Copy exactly the lines starting at the one that contains "de rolos facial" and running through the end of the material below. Exclude any pictures.

Start of Material for the task

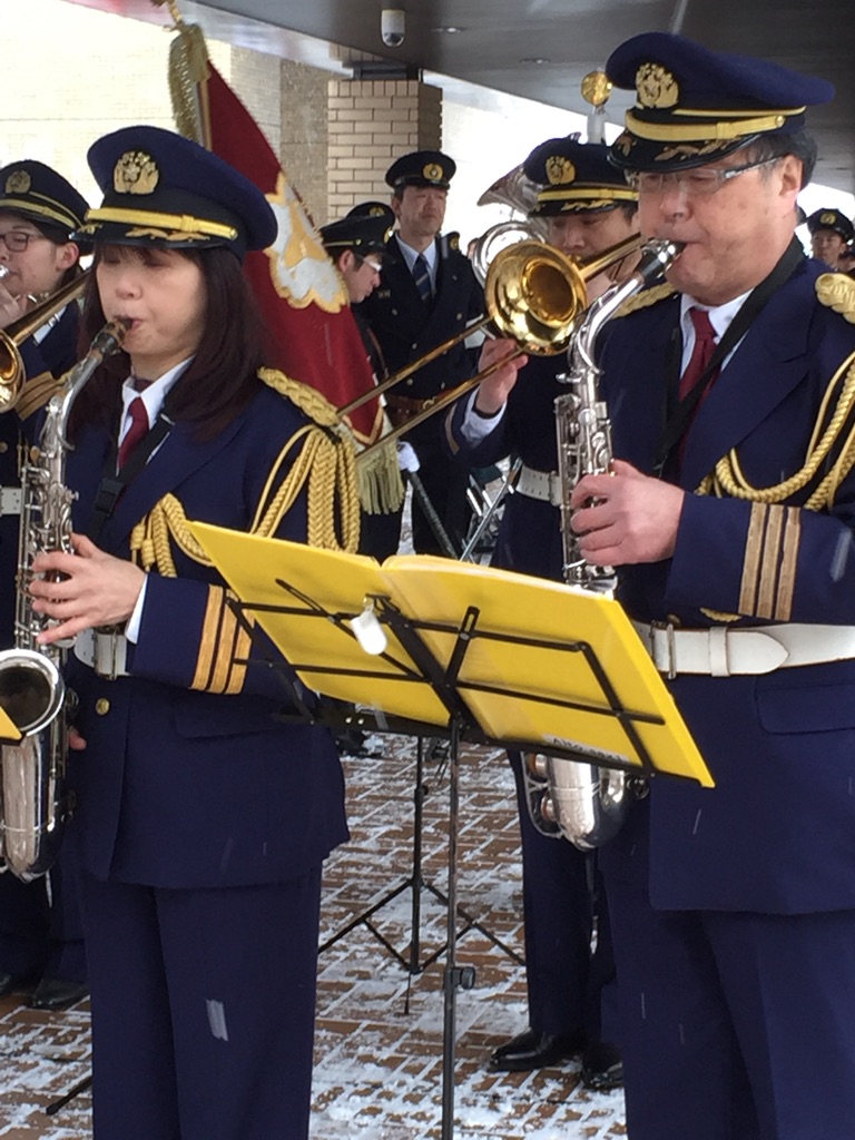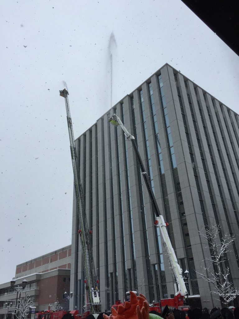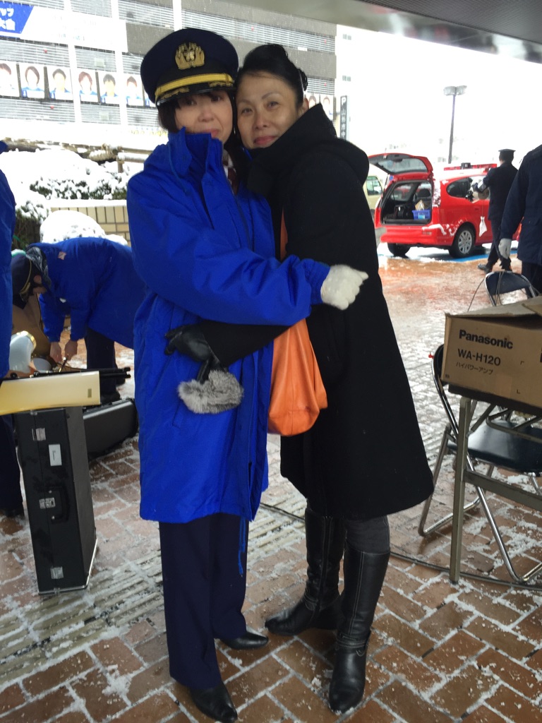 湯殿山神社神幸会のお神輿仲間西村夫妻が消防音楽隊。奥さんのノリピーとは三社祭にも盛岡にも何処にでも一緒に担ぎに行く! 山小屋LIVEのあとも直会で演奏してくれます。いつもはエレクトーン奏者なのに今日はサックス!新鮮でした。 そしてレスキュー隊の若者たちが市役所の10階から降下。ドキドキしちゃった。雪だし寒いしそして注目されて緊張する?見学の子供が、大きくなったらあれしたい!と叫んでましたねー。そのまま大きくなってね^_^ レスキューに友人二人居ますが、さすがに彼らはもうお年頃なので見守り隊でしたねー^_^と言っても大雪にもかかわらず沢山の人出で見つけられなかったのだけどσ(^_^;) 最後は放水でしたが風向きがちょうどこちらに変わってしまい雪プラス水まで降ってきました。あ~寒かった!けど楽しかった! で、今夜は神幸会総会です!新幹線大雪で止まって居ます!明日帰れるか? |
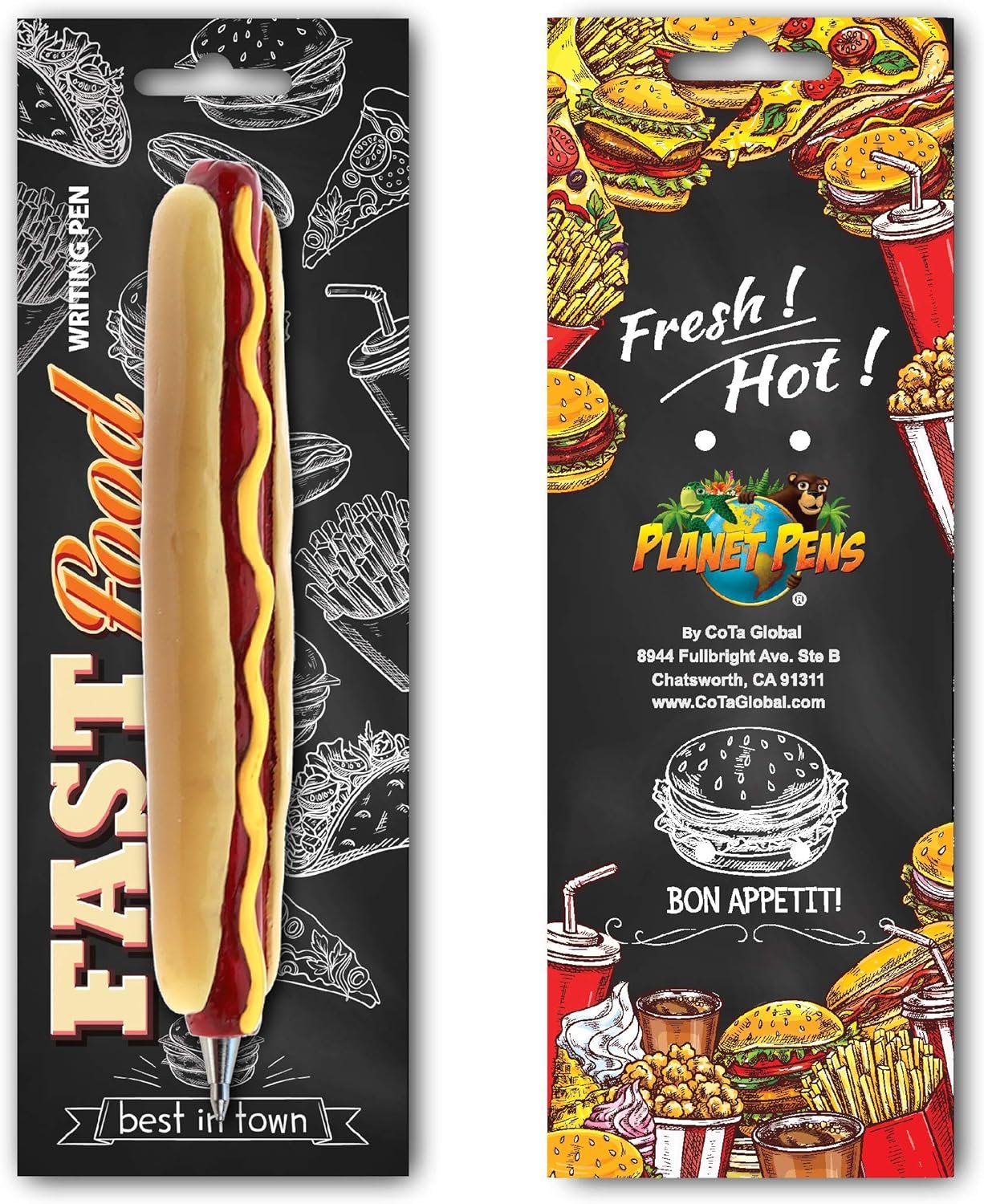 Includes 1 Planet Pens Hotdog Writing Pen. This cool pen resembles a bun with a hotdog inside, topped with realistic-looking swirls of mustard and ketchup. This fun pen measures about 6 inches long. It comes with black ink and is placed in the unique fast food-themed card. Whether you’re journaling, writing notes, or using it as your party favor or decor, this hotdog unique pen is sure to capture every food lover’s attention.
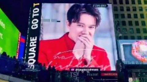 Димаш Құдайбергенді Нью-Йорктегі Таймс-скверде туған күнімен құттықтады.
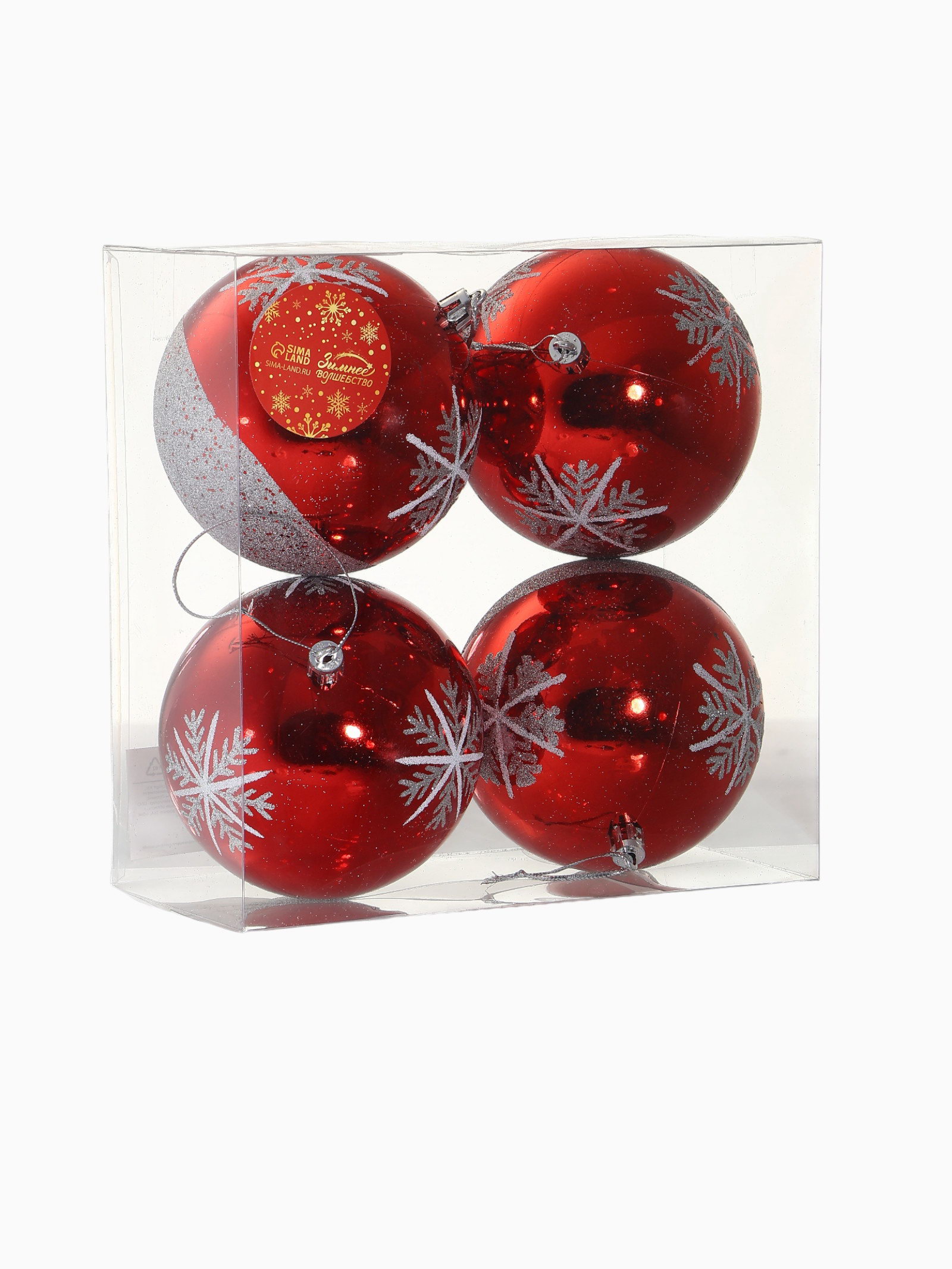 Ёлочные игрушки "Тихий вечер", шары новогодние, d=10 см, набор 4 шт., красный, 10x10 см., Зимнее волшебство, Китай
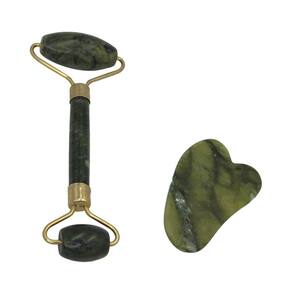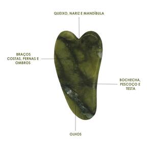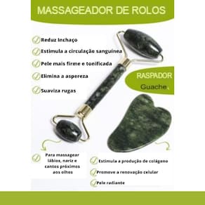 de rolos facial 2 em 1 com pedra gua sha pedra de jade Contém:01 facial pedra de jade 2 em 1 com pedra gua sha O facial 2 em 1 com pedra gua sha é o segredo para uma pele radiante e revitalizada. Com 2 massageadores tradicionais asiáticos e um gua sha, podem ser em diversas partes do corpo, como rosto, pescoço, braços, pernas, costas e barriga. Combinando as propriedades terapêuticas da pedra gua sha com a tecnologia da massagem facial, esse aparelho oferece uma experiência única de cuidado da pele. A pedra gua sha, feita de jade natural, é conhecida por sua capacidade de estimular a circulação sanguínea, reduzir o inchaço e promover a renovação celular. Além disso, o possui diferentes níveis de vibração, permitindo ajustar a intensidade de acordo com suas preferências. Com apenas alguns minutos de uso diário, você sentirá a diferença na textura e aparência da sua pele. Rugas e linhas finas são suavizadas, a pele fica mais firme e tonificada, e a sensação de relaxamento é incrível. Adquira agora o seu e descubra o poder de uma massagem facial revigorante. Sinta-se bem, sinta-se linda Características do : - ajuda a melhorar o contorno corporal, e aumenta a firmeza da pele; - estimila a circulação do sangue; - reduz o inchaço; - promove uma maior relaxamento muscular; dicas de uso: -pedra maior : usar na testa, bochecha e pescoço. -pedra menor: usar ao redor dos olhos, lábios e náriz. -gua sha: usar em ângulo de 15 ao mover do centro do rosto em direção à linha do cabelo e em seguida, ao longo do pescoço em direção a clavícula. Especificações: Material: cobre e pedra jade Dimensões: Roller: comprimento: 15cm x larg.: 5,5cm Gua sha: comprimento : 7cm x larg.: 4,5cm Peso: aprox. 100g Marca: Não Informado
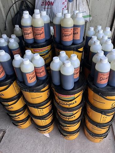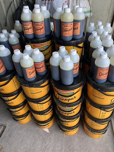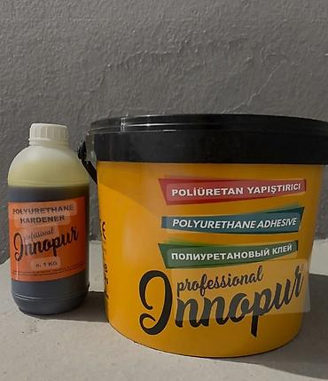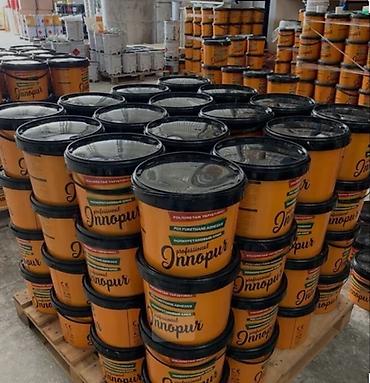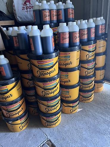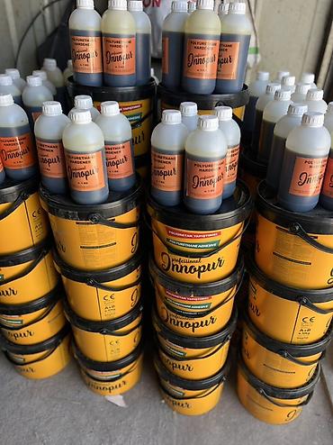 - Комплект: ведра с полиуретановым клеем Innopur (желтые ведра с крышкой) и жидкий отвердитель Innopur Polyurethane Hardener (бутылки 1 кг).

End of Material for the task

## Response to the task
 de rolos facial 2 em 1 com pedra gua sha pedra de jade Contém:01 facial pedra de jade 2 em 1 com pedra gua sha O facial 2 em 1 com pedra gua sha é o segredo para uma pele radiante e revitalizada. Com 2 massageadores tradicionais asiáticos e um gua sha, podem ser em diversas partes do corpo, como rosto, pescoço, braços, pernas, costas e barriga. Combinando as propriedades terapêuticas da pedra gua sha com a tecnologia da massagem facial, esse aparelho oferece uma experiência única de cuidado da pele. A pedra gua sha, feita de jade natural, é conhecida por sua capacidade de estimular a circulação sanguínea, reduzir o inchaço e promover a renovação celular. Além disso, o possui diferentes níveis de vibração, permitindo ajustar a intensidade de acordo com suas preferências. Com apenas alguns minutos de uso diário, você sentirá a diferença na textura e aparência da sua pele. Rugas e linhas finas são suavizadas, a pele fica mais firme e tonificada, e a sensação de relaxamento é incrível. Adquira agora o seu e descubra o poder de uma massagem facial revigorante. Sinta-se bem, sinta-se linda Características do : - ajuda a melhorar o contorno corporal, e aumenta a firmeza da pele; - estimila a circulação do sangue; - reduz o inchaço; - promove uma maior relaxamento muscular; dicas de uso: -pedra maior : usar na testa, bochecha e pescoço. -pedra menor: usar ao redor dos olhos, lábios e náriz. -gua sha: usar em ângulo de 15 ao mover do centro do rosto em direção à linha do cabelo e em seguida, ao longo do pescoço em direção a clavícula. Especificações: Material: cobre e pedra jade Dimensões: Roller: comprimento: 15cm x larg.: 5,5cm Gua sha: comprimento : 7cm x larg.: 4,5cm Peso: aprox. 100g Marca: Não Informado
 - Комплект: ведра с полиуретановым клеем Innopur (желтые ведра с крышкой) и жидкий отвердитель Innopur Polyurethane Hardener (бутылки 1 кг).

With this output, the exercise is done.